▶ [Exercise data]

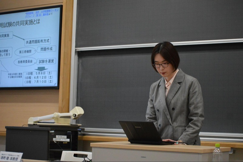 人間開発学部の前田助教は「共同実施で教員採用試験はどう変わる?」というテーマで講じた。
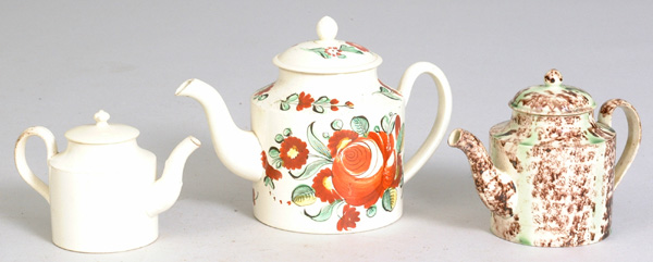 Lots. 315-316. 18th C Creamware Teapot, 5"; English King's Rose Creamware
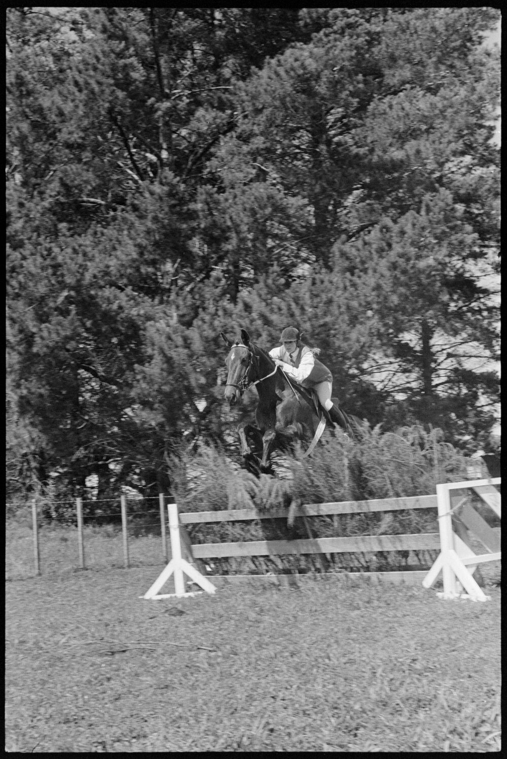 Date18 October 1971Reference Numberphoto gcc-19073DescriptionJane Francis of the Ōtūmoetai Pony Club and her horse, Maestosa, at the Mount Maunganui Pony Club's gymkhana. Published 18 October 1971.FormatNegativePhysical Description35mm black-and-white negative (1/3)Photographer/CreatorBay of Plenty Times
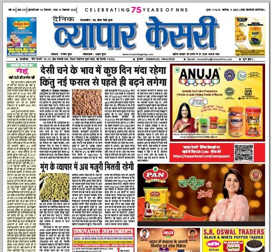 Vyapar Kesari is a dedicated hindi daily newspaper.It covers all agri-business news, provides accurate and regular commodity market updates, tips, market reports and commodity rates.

▶ [The problem] Starting at the line that contains "Date18 October 1971Reference", retype every line through the end of the material exactly as written, including both end lines but no pictures.

▶ [Reply]
 Date18 October 1971Reference Numberphoto gcc-19073DescriptionJane Francis of the Ōtūmoetai Pony Club and her horse, Maestosa, at the Mount Maunganui Pony Club's gymkhana. Published 18 October 1971.FormatNegativePhysical Description35mm black-and-white negative (1/3)Photographer/CreatorBay of Plenty Times
 Vyapar Kesari is a dedicated hindi daily newspaper.It covers all agri-business news, provides accurate and regular commodity market updates, tips, market reports and commodity rates.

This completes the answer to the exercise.